Maybe that is betrayal and I don’t understand the definition of the word, but it doesn’t really matter.
Either way, as Maiden spoke of loss from the stage and us knowing what we went through about 2 months prior…well, y’all aren’t going to be surprised to know tears started forming.
But oh the hope when said the season of sorrow in our family (because it was all of us) is over…of unending tears is over…that grief having a grip is over.
Talk about release.
Byron G felt like a bookend to our grief, but this. This was really the bookend where it felt like we were given permission to move forward.
But he didn’t stop there.
Maiden spoke of what we were entering into. Our next season…
“your greatest season of fruitfulness is beginning…of things coming to pass is coming.”
This is where my head gets jumbled.
Who wouldn’t want that prophesied over them?
Fruitfulness? Yes please!
We already feel so blessed but know God has more. But then the dark side of my mind kicks in…
But does Maiden have the right person? Is he just making this all up? I’m sure that’s true for Justin, but what about me? I’m glad I’m along for the ride, but I don’t know if this guy knows what he’s talking about.
Y’all! This is what goes through my head! It’s crazy making! I know the voice of the enemy and it sounds very similar to this.
No! God has spoken to both of us and planted seeds in both our hearts for big things.
The things planted are for the kingdom, but we have no idea how any of it will ever come to pass.
The visions and dreams get us excited just thinking about the possibilities, but we’re absolutely clueless as to how they’ll ever come to pass…in our own making.
But for God?
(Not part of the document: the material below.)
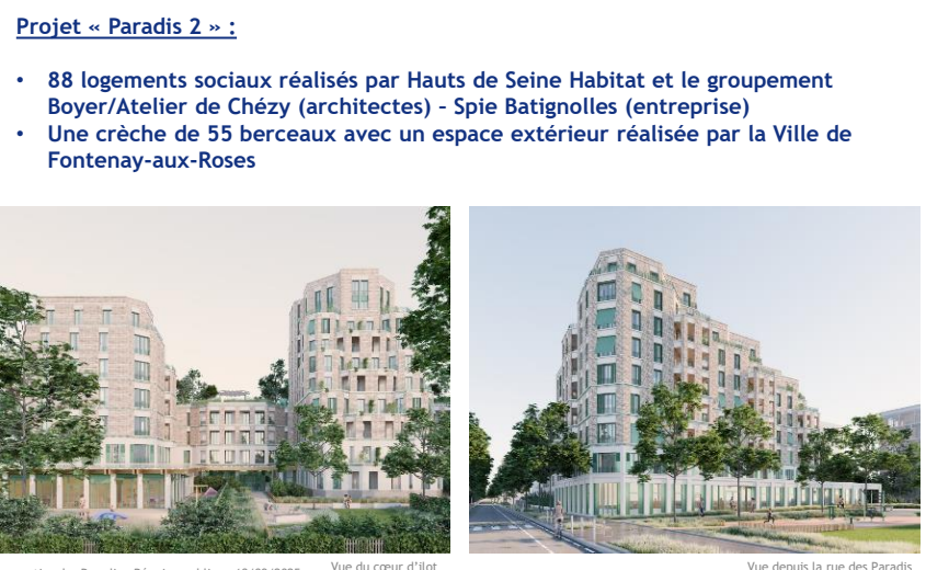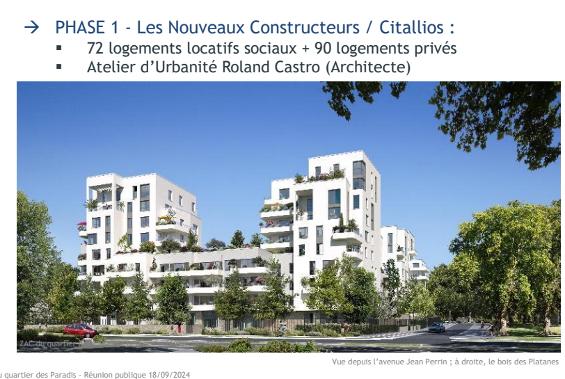 Le phasage suivant concerne l’aménagement des espaces publics du « mail Verlaine » et « le bois des platanes » dont les travaux sont prévus fin 2025/ 2026. La construction de l’immeuble Paradis 2 doit démarrer (88 logements sociaux) avec la crèche qui ne comprendra plus que 55 berceaux selon le diaporama (et non 60 comme annoncés), ce qui ne compensera pas la perte enregistrée ces dernières années pour l’accueil des plus petits. La présentation n’en a pas précisé le calendrier.

It’s nothing!
We just watched Him heal a family and give them over $100k for medical bills and to payoff their house. If He can do that with a phone call, He can without doubt accomplish the vision we’ve been given.
We just want to see how He’s going to do it because we know it’s going to be one heck of a story!
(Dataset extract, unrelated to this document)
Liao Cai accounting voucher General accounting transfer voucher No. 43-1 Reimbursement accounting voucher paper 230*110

So to hear of things coming to fruition is exhilarating.
We feel it.
We feel the season changing and we feel ready to step into it.
And that includes me.
Something has shifted.
I’m not the same woman I was when I started writing.
I don’t see myself as a ”godly woman…a virtuous woman…a warrior in the spirit” but I am becoming that woman. The woman God is needing me to be for my family and for what’s to come.
Isn’t that what a prophetic word is all about anyway? An encouraging word to call out what God sees in you already?
I pray God shapes me into that woman because I cannot do it on my own.
“the woman who looks like you, will have faith like you, will rise up in this generation, and be a history maker like you.”
That’s humbling.
How I can be a history maker, I have no clue, but won’t it be fun to look back in a number of years and see what’s come to pass? To see how God has used us? Used me?
God spotlighted us to Dr. Maiden for a reason and though it took us a bit to process, I think it’s starting to set in.
Regardless, the grief has lifted and we’re both stepping out in the authority God has given us and in faith for all God has asked of us.
And even if it’s all baloney (which it isn’t), there is one thing Maiden got 100% correct.
Justin and I DO make a good team. One heck of a good team, if I do say so myself.